Your objective » Taking the line with "AURABEAT AG+专业配方银离子抗病毒空气消毒机(NSP-PCO)" as the first and the line with "Wooden arrow, side" as the last, set down exactly every line in that range from the entries below, and no more.

Records »
---------------
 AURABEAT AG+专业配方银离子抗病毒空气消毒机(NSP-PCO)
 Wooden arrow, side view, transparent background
---------------
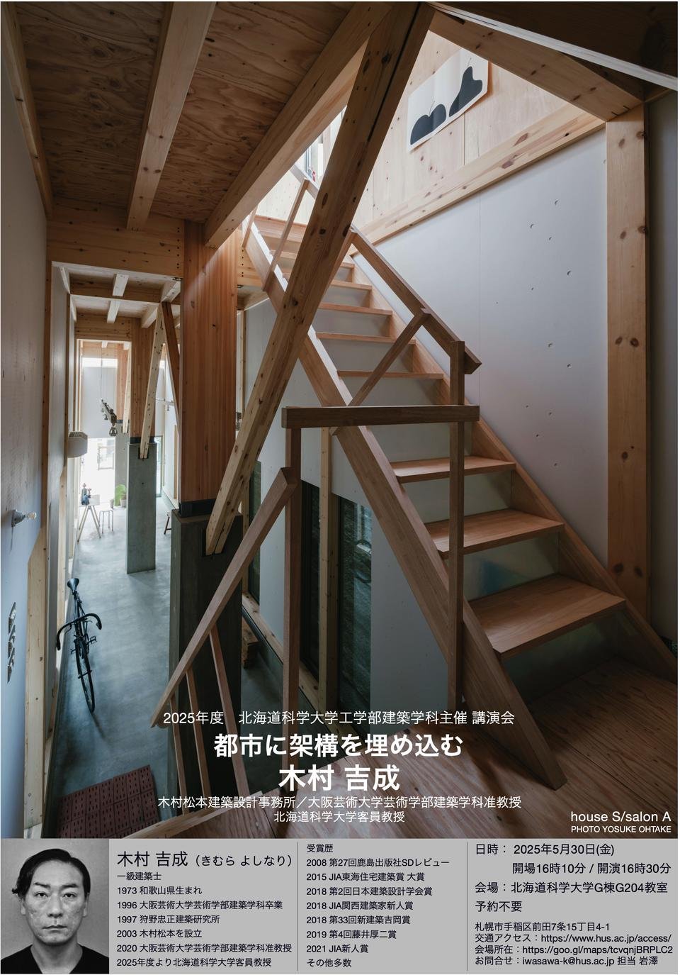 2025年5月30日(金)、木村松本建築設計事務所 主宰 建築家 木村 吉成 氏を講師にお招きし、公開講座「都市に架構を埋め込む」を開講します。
---------------
Solution »
 AURABEAT AG+专业配方银离子抗病毒空气消毒机(NSP-PCO)
 Wooden arrow, side view, transparent background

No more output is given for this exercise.